You understand almost perfectly. You have it exactly right, right up until the last clause of the last sentence. A restore is not an install. Only the installer creates a Recovery HD partition.
But you don't need one, as long as you've got your TM backup. Booting into the TM volume is functionally the same as booting into a "real" Recovery HD. Or, you can boot off the thumb drive, which again is functionally the same.
The Recovery HD partition contains a compressed image of the recovery software. (The partition is 650MB, but it's not full. The compressed image that is the guts of it is only about 450MB.) When you boot into it, the first thing it does is decompress that image into RAM, and then re-boots off the expanded image. Internet Recovery works exactly the same, except that the compressed image is downloaded instead of being read from disk.
Once the recovery software is expanded into RAM, it makes no difference where the compressed image came from. At that point, you're booted into a RAM disk, and can safely remove whatever drive (boot, TM, thumb, internet) the software came from.
But you will need internet access to get the installer. The entire Recovery HD partition is only 650 MB in size. There's no way a 3.76 GB installer can fit. (Compression won't help. The installer has already been compressed to within an inch of its life to bring it down to "only" 3.76 GB.)
Unless, as I said, you had the foresight to squirrel away a copy of the installer.
I am very reluctant to start futzing around with what I've got, since everything is working hunkydory without the Recovery HD installed but being accessible via the thumb drive.
I'm of two minds about this. Recovery procedures should be practiced, so you won't panic when you really need them. On the other hand, if it ain't broke, don't fix it. I think the latter is the better choice at this point. After all, you have done at least one full-disk restore. That's probably enough practice.
I'm also stymied by your "installer" comments. (If restoring my OS and files didn't "install" them, then we're speaking different languages.)

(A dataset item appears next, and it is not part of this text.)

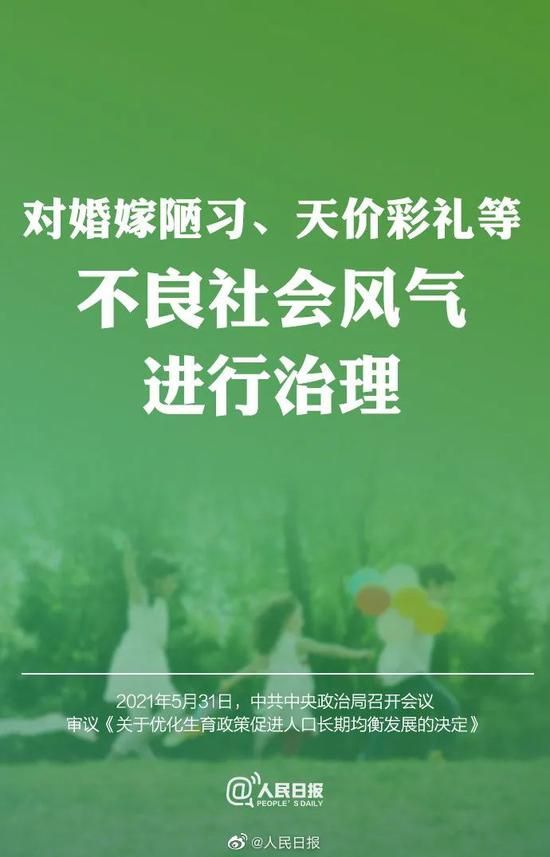 这次也有一些相应的配套政策的出台,要将婚嫁、生育、养育、教育一体考虑加强适婚青年婚恋观、家庭观、教育引导,对婚嫁陋习、天价彩礼等不良社会风气进行治理。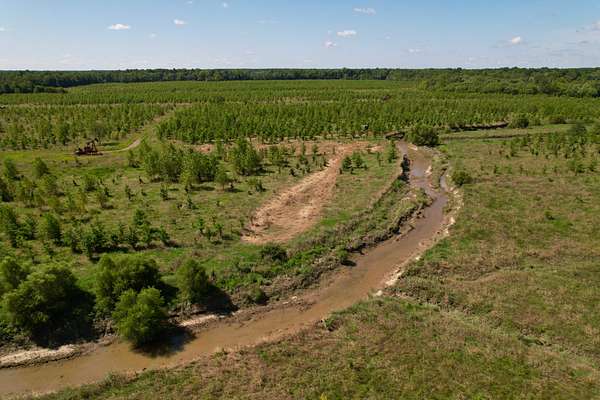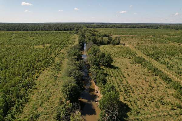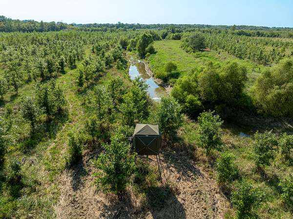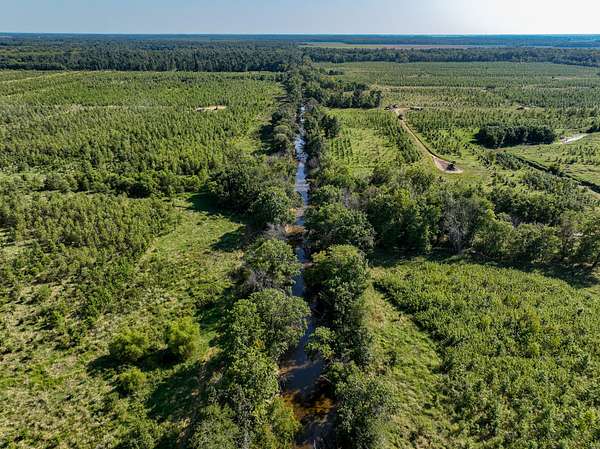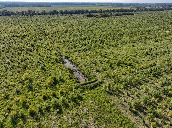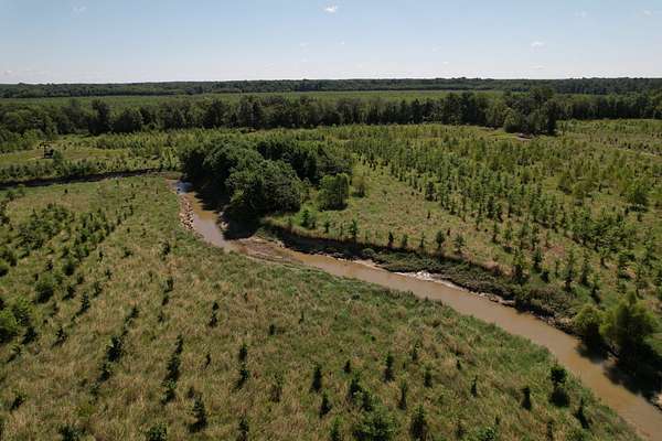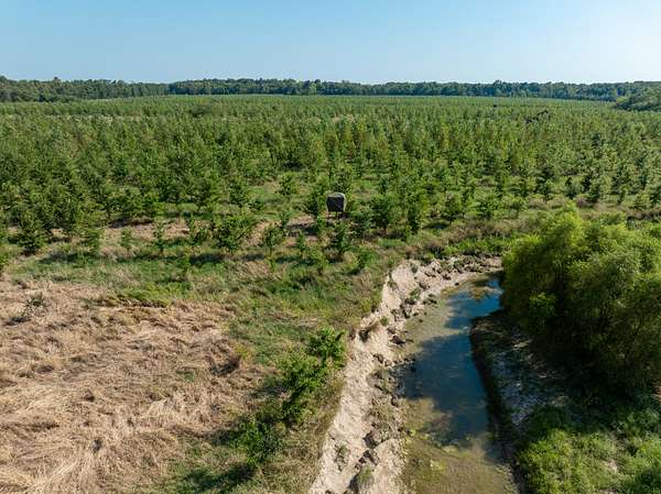 While mostly flat, this property includes gently rolling terrain near Little Muddy Creek that runs throughout. The majority of the land is part of a revenue generating Conservation Reserve Program (CRP) filtration program, planted with a blend of oaks and walnuts, enhancing wildlife habitat and conservation efforts. The property also features native grasses and wildflowers, with patches of dense woodlands providing ideal cover for deer and turkey, making it perfect for hunting and outdoor activities.

I had noticed that "speaking different languages" part. A "restore" puts back files you previously had; an "install" can create new files, even files you've never had. There's no reason a full-disk restore couldn't re-recreate the Recovery HD partition. I assume Apple chose not to do so because they figure you've already got one on the TM partition.
I'm not sure I'm in total agreement with that. You have a backup of "Recovery HD" on your TM backup, but only because at some time after 10.7.2 you did a TM backup at a time when you also had a Recovery HD partition for it to copy. If you ever have to wipe your TM backup and start fresh, it'll never see a Recovery HD and won't back it up. You new TM archive will not be bootable. You'll need the thumb drive then.
With a naked hard drive and no thumb drive, nothing would happen, so I don't see how holding down the option key would achieve anything.
With a naked hard drive and no thumb drive
and no TM backup that has ever seen "Recovery HD", nothing will happen when you hold down the option key.
In the same situation but with a TM backup that has never seen "Recovery HD", you can hold down ⌘R to get into Internet Recovery mode. Let it download the recovery software ("only" 450 MB or so), and use that to do a full-disk restore from TM. 450 MB is a lot smaller than 3.76 GB for the installer.
In the same situation but with no TM backup at all, you're SOL anyway.